Notes

Highlights

  • The objective of this paper is to learn a distribution of segmentations from an input.
  • The main innovation concerns the design of a generative segmentation model based on the combination of a U-Net with a conditional VAE.
  • The proposed framework is also capable of learning hypotheses that have a low probability and predicting them with the corresponding frequency.

Method

Architecture

  • The architecture is based on the conditional VAE whose details are provided in the following tutorial.
  • The innovation comes from the use of a U-Net architecture to model the distribution \(p(y \vert x,z)\).
  • The latent vector \(z\) is first broadcast to produce a \(N\)-channel feature map with the same spatial dimensions as the segmentation map. This feature map is then concatenated with the last activation map of a U-Net before being convolved by a last layer to produce the final segmentation map with the desired number of classes.

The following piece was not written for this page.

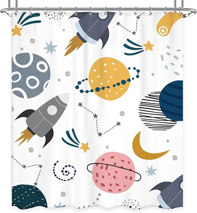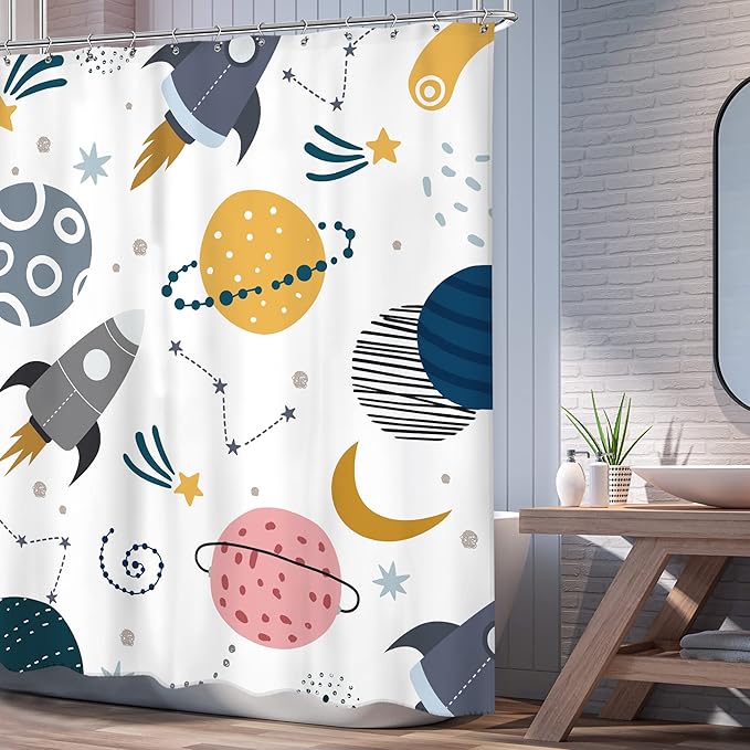 • ▶Unique Design: Designed with universe planet rocket pattern printing technology, vibrant and vivid, give your bathroom a new feel.

The image below provides an overview of the architecture deployed during training. The distributions \(p(z \vert x,y)\), \(p(z \vert x)\) and \(p(y \vert x,z)\) displayed in blue are modeled by three distinct neural networks.

The following image illustrates the use of the architecture during inference.

 

Implementation details

  • The dimensions of the latent space has been experimentally fixed at \(M=6\) and is kept fixed in all experiments.
  • The difference between the predicted segmentation and the ground truth is optimized using a Cross Entropy loss.
  • The training is done from scratch with randomly initialized weights
  • When drawing \(m\) samples for the same input image, the output of the prior network and the feature activations of the U-Net can be reused without the need for recomputation, making the overall strategy computationally efficient.

Performance measures

  • The performance of the methods was evaluated by comparing distributions of segmentations.
  • This was done through the computation of generalized energy distance whose expression is given below:
\[D^2_{GED}(P_{gt},P_{out}) = 2 \, \mathbb{E} \left[d\left(\hat{y},y\right) \right] - \mathbb{E} \left[d\left(\hat{y},\hat{y}'\right) \right] - \mathbb{E} \left[d\left(y,y'\right) \right]\]
  • \(d\) is a distance measure, \(y\) and \(y'\) are independent samples from the ground truth distribution \(P_{gt}\), \(\hat{y}\) and \(\hat{y}'\) are independent samples from the predicted distribution \(P_{out}\).
  • The distance measure is based on the \(IoU\) metric and is defined as follows: \(d(x,y)=1-IoU(x,y)\).

 

Results

LIDC-IDRI dataset

  • 1010 2D+slices CT scan of lungs with lesions
  • For each scan, 4 radiologists (from a total of 12) provided annotation masks for lesions that they independently detected
  • the CT scans were resampled to \(0.5 \, \text{mm} \times 0.5 \, \text{mm}\) in-plane resolution and cropped 2D images (\(180 \times 180\) pixels) centered at the lesion positions.
  • This resulted in \(8882\) images in the training set, \(1996\) images in the validations set and \(1992\) images in the test set.
  • Because the experts can disagree, up to 3 masks per image can be empty.

As shown in the figure below, the probabilistic U-Net network outperforms state-of-the-art methods in effectively representing the ground truth distribution.

 

Analysis of the latent space

  • The authors proposed to visualize the latent space by arranging the samples to represent their corresponding position in a 2D plane, i.e. the dimension of the latent space was set to \(2\) and each latent variable was normalized by the inferred mean and standard deviation computed from the tested image: \(\hat{z}=\left(z-\mu\right)/\sigma\).
  • This allows to interpret how the model ends up structuring the space to solve the given tasks.

 

  • The latent space given in the figure below was computed from a specific image, where 3 over 4 annotators provided a segmentation
  • The part of the latent space included in the \(\sigma=1\) circle indicates the most probable generated masks. This region clearly shows that the algorithm has taken into account the occurrence of the images segmented by the experts: there is more chance to generate a segmentation mask than an empty image.
  • From this figure, one can see that the \(z_0\) component encodes lesion size including a transition to complete lesion absence, while the \(z_1\) component encodes shape variations.

 

Some examples and needs for improvement

The figure below shows some examples of segmentations generated from the proposed method. From this figure, it can be seen that:

  • (good point) the global shapes drawn by the experts are well respected in the generated segmentations.
  • (bad point) cases with absence of lesion can be generated even if all the experts have proposed a segmentation mask for the same lesion.

 

Conclusions

  • The authors of this paper have proposed a mixing of U-Net and conditional VAE to design a generative network that learns the variability of hand-drawn shapes by several experts.
  • Even if the fomalism provides interesting results, there is room for improvement in results.
  • The same authors have proposed an improved version of this formalism called hierarchical probabilistic U-Net. This method will be studied in a future post!